Hurd v. Nelson

714 P.2d 767, 1986 Wyo. LEXIS 486
CourtWyoming Supreme Court
DecidedFebruary 21, 1986
Docket85-92
StatusPublished
Cited by20 cases

This text of 714 P.2d 767 (Hurd v. Nelson) is published on Counsel Stack Legal Research, covering Wyoming Supreme Court primary law. Counsel Stack provides free access to over 12 million legal documents including statutes, case law, regulations, and constitutions.

Bluebook
Hurd v. Nelson, 714 P.2d 767, 1986 Wyo. LEXIS 486 (Wyo. 1986).

Opinions

BROWN, Justice.

This appeal results from an order wherein the district court found appellant Dale Hurd liable to appellee Darla Mae Nelson (formerly Darla Mae Hurd) for appellant’s breach of the parties’ stipulation and settlement agreement. Such agreement was entered into between the parties pursuant to their divorce and made a part of the divorce decree. Appellant raises the following issue for our consideration:

“Whether the trial Court abused its discretion in awarding Plaintiff $12,500.00 for Defendant’s breach of the Stipulation and Settlement Agreement for failure to remodel the parties’ house and to complete the construction of the shop building for the Plaintiff.”

We will affirm.

The parties 'were divorced on June 8, 1981. On May 22, 1981, the parties signed a stipulation and settlement agreement which was incorporated into the divorce decree. This agreement provided, inter alia, the following:

“4. The Plaintiff shall be awarded as her sole and separate property, free and clear of any claims or demands by the Defendant, the following described property:
“A. The physical possession of the house and real estate in Grover, Wyoming, for a period of ten (10) years or until the Plaintiff should remarry, whichever first occurs at which time the house and real property shall be sold and the proceeds shall be divided equally between the parties. The Plaintiff is hereby given the first right to purchase the Defendant’s equity in the house and real property at a rate equal to the highest bona fide offer of a third party given to the parties. It is further understood and agreed that the Defendant will pay for the remodeling of the house to the Plaintiff’s satisfaction at a cost not to exceed the sum of $10,000.00 and that this remodeling shall be completed no later than June 1, 1982. It is further understood and agreed that the Defendant shall pay for the completion of the construction of a shop and storage building which is planned to be erected upon the real property of the parties and that the Plaintiff shall be entitled to rent the space in this building on such terms and conditions as she deems advisable and that she may retain the rental income solely and separately for herself.” (Emphasis added.)

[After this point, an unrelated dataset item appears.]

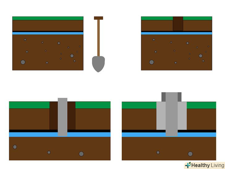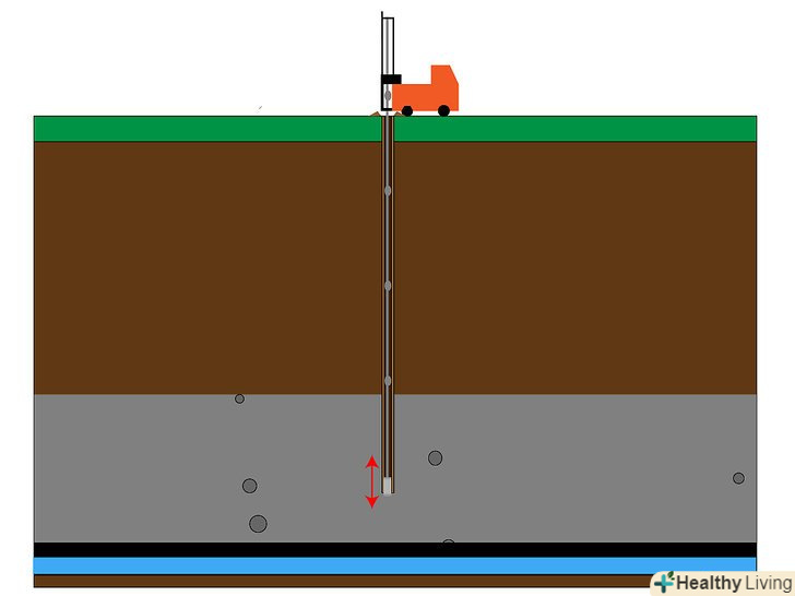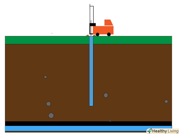 Виберіть відповідний спосіб бурових робіт. більшість свердловин буряться, але свердловину також можна забити, а колодязь - вирити, якщо це дозволяють умови. Буріння свердловин проводиться буром або ротором, ударно-канатним способом або гідродинамічним методом за допомогою високонапірного струменя рідини.- Свердловина або колодязь викопуються, якщо вода знаходиться близько до поверхні і не перекрита твердими породами. Після того, як зроблено поглиблення, в водоносний пласт опускається обсадна труба, а свердловина герметизується щоб уникнути її забруднення. Оскільки вириті колодязі і свердловини менш глибокі, ніж забивні або пробурені, існує ймовірність їх пересихання під час посухи.

Appellant did contribute between $2,000 and $3,000 for the remodeling of the house, as well as another $800 expenditure for basement carpeting. He testified, however, that he estimated it would take an additional $6,000 to complete the remodeling of the house.

Appellant contributed approximately $12,000 in materials for the construction of the shop, but did not pay for any labor, except $700 which was paid by appellant to a contractor who did some work on the shop. Members of appellee’s church eventually erected the shop at no charge.

Appellee then filed a petition for order to show cause why the terms of the divorce decree should not be enforced.1 Appellee sought to collect from appellant the costs of remodeling the house and the construction of the shop. After a hearing on the matter, the court rendered judgment finding, inter alia:

“IT IS THEREFORE ORDERED, ADJUDGED, AND DECREED:
i( * * *
“2. That judgment be entered against the Defendant in the sum of TWELVE THOUSAND FIVE HUNDRED DOL[769]*769LARS ($12,500.00) for the Defendant’s breach of the Stipulation and Settlement Agreement for failure to remodel the parties’ house and to complete the construction of the shop building for the Plaintiff.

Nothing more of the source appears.